EXCLUSIVE: Santana School Shooter
Oct. 10 -- When 15-year-old Charles "Andy" Williams walked into a bathroom at his San Diego-area high school and started shooting, he didn't have a plan, he says.
Williams, who is now serving 50 years to life in a California prison, says he was "trying to prove a point" to kids who had been bullying him, but did not have a list of intended targets.
He admits that some of the people he shot were people he actually liked. "By that time, you know, my finger's on the trigger and I didn't recognize them until it was too late," he told Primetime's Diane Sawyer in his first television interview since the March 2001 killings.
Williams killed two fellow students during his six-minute rampage at Santana High School in Santee, Calif., and wounded 11 others, as well as a teacher and a campus monitor. He pleaded guilty to two counts of first-degree murder and 13 counts of attempted murder. One of the students who died, 14-year-old Brian Zuckor, was a classmate Williams remembers from English class as "a nice guy."
Missing His Mother
Williams had spent less than a year at Santana, joining the school as a freshman after he and his father moved to the area from a small town in Maryland.
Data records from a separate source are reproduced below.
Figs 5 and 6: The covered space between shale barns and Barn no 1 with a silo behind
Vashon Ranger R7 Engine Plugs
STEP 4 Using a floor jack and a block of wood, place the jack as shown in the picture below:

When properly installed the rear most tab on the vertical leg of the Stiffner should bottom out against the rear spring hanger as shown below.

His parents had divorced when he was just 3, splitting the family, with Williams staying with with his father and his older brother moving to another state with their mother.
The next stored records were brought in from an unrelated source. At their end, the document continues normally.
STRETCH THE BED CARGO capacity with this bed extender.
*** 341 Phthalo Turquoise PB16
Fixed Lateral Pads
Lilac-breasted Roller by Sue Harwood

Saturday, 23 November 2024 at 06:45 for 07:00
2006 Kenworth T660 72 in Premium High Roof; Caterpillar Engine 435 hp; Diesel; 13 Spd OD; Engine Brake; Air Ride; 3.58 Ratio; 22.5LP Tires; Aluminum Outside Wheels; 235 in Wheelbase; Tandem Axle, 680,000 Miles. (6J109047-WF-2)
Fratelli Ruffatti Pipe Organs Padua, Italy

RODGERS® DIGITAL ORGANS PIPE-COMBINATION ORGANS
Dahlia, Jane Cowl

With 2,000 students, Santana High was bigger than the whole town Williams had lived in in Maryland, and he says he felt nervous about starting at a huge school. At previous schools Williams had played Linus in a school musical — complete with security blanket — had won an athletic award for "most spirit," and had earned the nickname "Mouse" from his peers. His best friend was a student with a form of muscular dystrophy.
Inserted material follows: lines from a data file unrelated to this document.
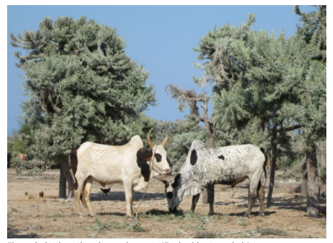
Figure 2: Cattle eating chopped samata (Euphorbia stenoclada).

The social and political organization of the Tanalana and Mahafaly people is based both on the traditional ethnic structure of common ancestors ( raza ) with clans and subordinated lineages,
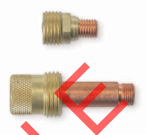
Figure 20 – Gas Lens For A 250A Water-Cooled Torch (Top) And A Gas Lens For A 150A Air-Cooled Torch (Bottom)
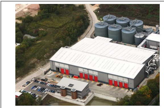
Figure 9 MBT Plant at Brookhurst Wood
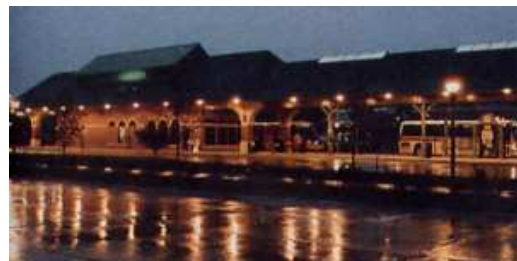
Janesville Transit System Downtown Transfer Center
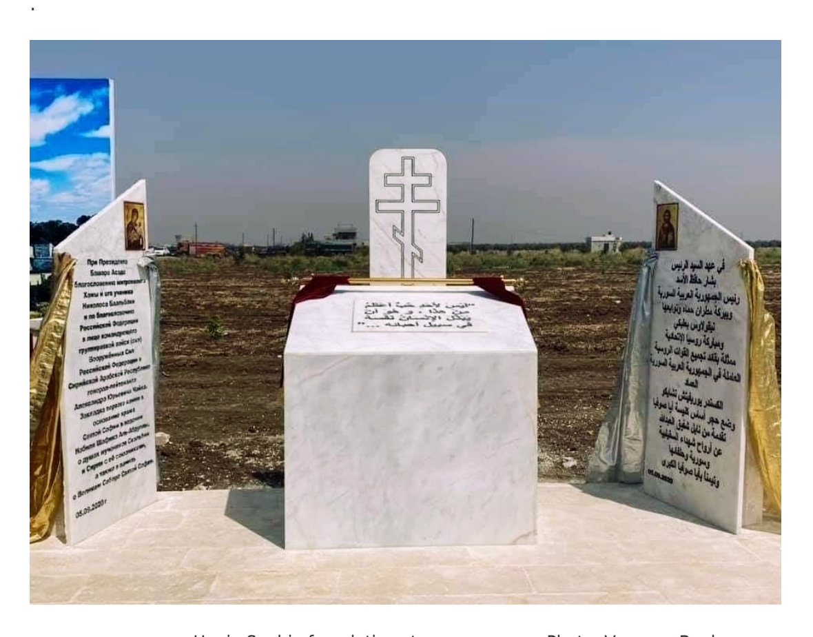
Hagia Sophia foundation stone ceremony.

"Our Russian friends heard about this initiative from the media, so they mentioned the project to the Duma and this is evidence of their opposition to Erdogan's actions. However, the church will be built only with hands from Sqeilbiyyeh and with Syrian stone, on my land and I will finance the project personally – just as our ancestors preserved our heritage and our land, so we shall do the same."

But at Santana he fell in with a group of tough kids who smoked marijuana and, he says, bullied him. He says they called him names like "bitch" and "faggot," and singled him out because he was small and did not do anything to stop the bullying. Williams says he was smoking marijuana practically every day — "It was the only thing that, like, kind of sort of made me happy," he said, adding that he believes the drug had nothing to do with his rampage.